**What to do**
Give the number of lines below that contain the word "with", and nothing else.

**Data extracts**
===============

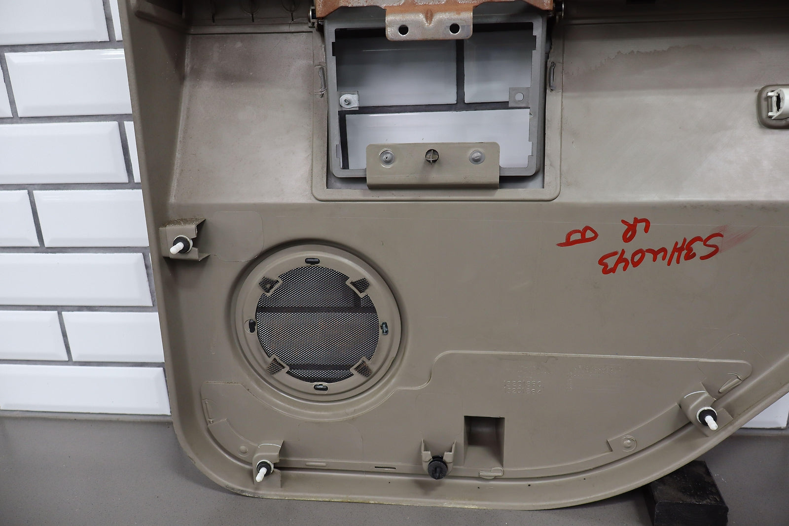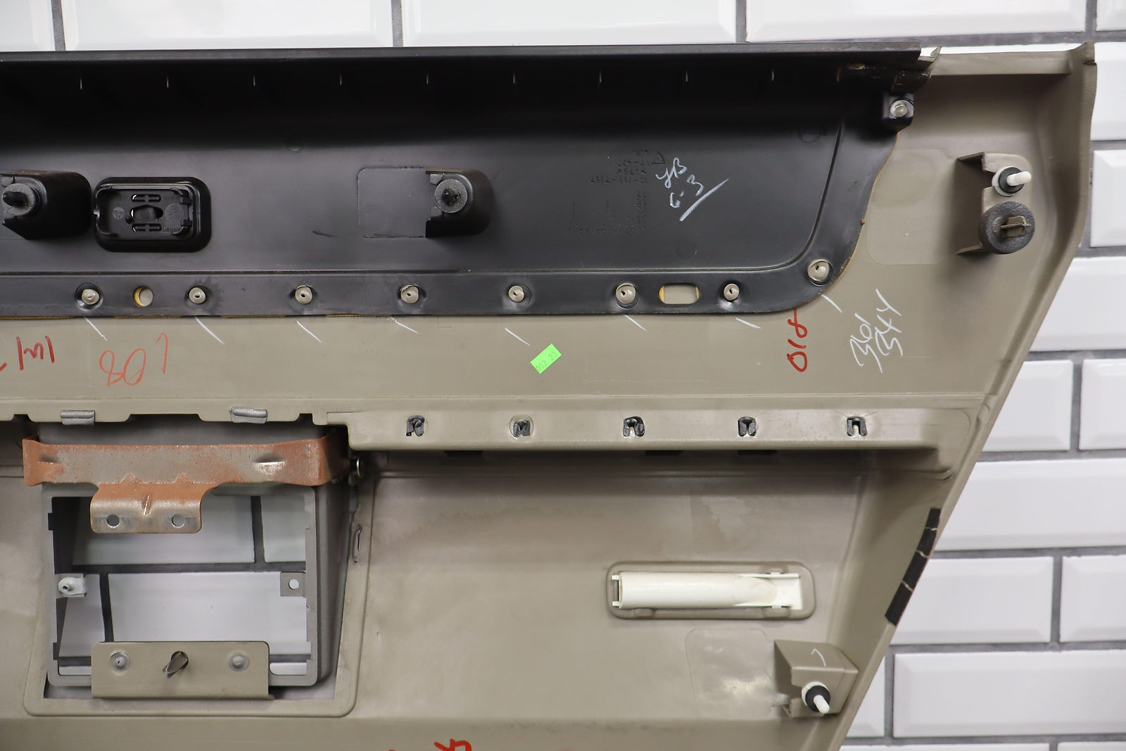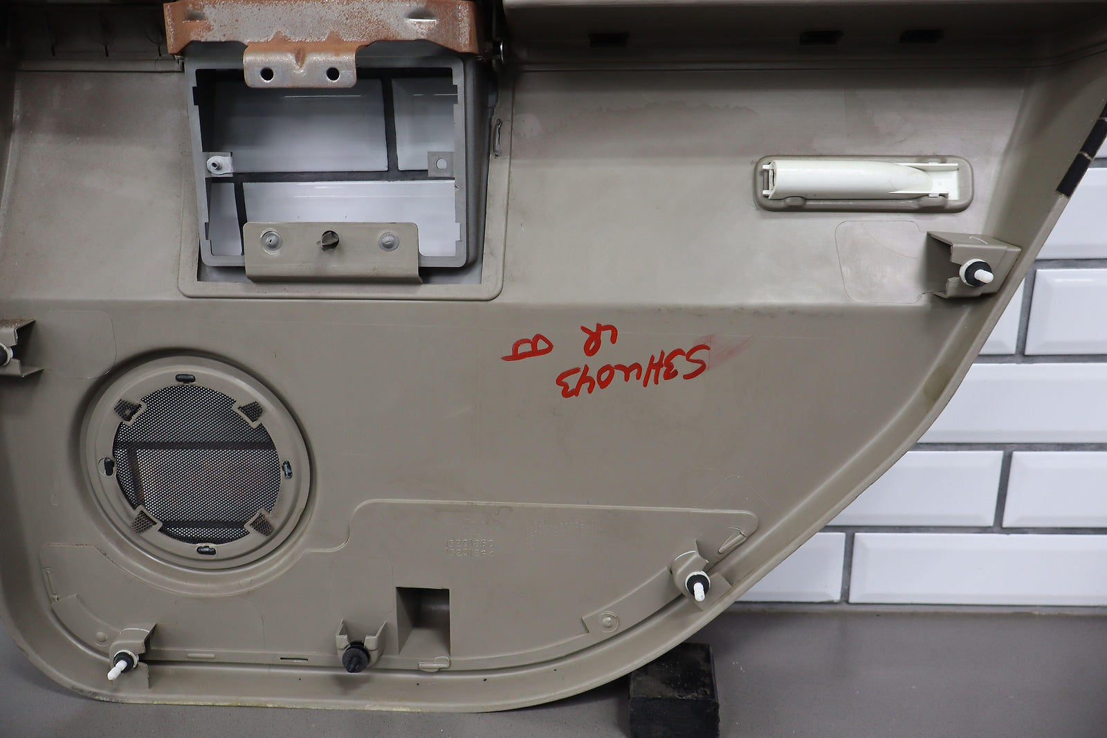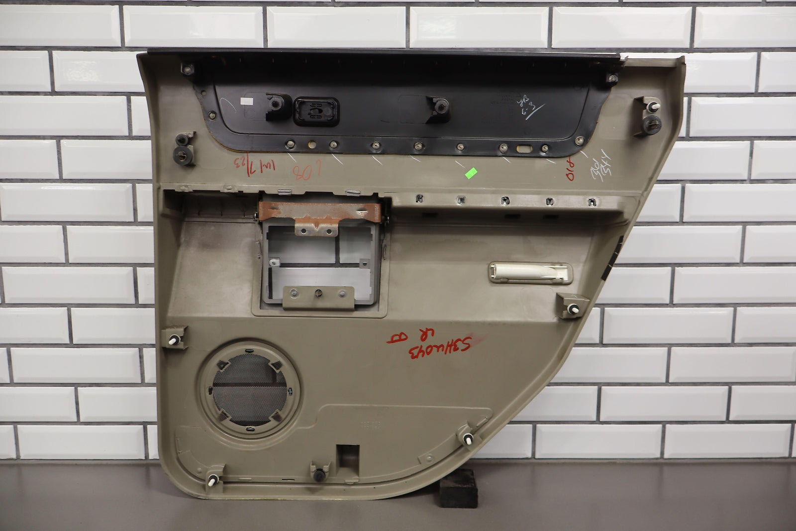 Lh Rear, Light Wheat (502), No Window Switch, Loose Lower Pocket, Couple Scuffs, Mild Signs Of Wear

===============

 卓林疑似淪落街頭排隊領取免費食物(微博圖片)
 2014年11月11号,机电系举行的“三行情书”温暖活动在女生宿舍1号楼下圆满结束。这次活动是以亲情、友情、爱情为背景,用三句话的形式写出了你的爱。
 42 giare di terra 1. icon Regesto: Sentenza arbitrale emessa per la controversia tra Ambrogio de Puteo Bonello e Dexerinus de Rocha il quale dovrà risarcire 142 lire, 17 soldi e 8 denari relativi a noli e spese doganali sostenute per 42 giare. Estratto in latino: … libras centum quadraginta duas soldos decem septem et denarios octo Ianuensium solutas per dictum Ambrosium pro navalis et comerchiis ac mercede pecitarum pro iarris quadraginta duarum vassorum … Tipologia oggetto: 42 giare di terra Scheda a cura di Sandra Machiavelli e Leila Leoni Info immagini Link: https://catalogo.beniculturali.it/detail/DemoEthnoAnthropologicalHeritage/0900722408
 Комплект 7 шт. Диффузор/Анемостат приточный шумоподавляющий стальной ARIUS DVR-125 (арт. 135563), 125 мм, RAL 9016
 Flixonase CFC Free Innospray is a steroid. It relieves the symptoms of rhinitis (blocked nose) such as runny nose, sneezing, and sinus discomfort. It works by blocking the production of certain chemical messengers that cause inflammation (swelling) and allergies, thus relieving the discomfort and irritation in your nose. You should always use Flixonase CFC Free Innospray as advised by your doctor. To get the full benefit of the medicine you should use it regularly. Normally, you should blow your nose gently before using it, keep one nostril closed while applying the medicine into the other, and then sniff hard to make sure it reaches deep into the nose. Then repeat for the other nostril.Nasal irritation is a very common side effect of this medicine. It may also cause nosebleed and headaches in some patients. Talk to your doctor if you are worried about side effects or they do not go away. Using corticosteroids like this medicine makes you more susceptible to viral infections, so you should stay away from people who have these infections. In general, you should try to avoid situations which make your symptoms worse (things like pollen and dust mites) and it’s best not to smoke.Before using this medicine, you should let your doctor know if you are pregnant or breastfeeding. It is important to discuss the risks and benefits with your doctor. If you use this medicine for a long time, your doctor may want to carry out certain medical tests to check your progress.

===============

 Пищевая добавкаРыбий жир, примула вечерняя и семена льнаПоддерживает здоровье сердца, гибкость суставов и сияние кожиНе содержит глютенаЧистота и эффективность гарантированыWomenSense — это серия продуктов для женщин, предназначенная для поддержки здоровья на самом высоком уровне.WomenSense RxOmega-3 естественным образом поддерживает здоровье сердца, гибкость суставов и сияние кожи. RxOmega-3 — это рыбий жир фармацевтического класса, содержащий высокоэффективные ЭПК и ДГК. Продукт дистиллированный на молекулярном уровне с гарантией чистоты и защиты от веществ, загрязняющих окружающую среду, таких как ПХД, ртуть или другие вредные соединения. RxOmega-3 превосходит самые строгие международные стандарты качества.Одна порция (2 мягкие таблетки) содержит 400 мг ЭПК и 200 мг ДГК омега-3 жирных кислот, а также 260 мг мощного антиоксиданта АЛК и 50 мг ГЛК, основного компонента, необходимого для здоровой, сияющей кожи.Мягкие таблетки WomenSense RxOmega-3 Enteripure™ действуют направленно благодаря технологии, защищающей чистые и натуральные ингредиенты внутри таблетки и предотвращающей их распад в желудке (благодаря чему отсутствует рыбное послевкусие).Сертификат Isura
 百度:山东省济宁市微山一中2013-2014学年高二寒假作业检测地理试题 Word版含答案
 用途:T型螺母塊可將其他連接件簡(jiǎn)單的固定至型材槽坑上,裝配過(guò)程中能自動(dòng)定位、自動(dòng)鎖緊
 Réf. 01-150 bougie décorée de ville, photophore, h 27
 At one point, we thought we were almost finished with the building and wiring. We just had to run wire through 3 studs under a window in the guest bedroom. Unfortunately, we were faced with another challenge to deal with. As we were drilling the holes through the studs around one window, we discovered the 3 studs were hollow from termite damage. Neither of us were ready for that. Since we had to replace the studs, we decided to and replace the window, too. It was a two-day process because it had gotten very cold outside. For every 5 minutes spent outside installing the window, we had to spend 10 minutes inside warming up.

===============

**Response below**
2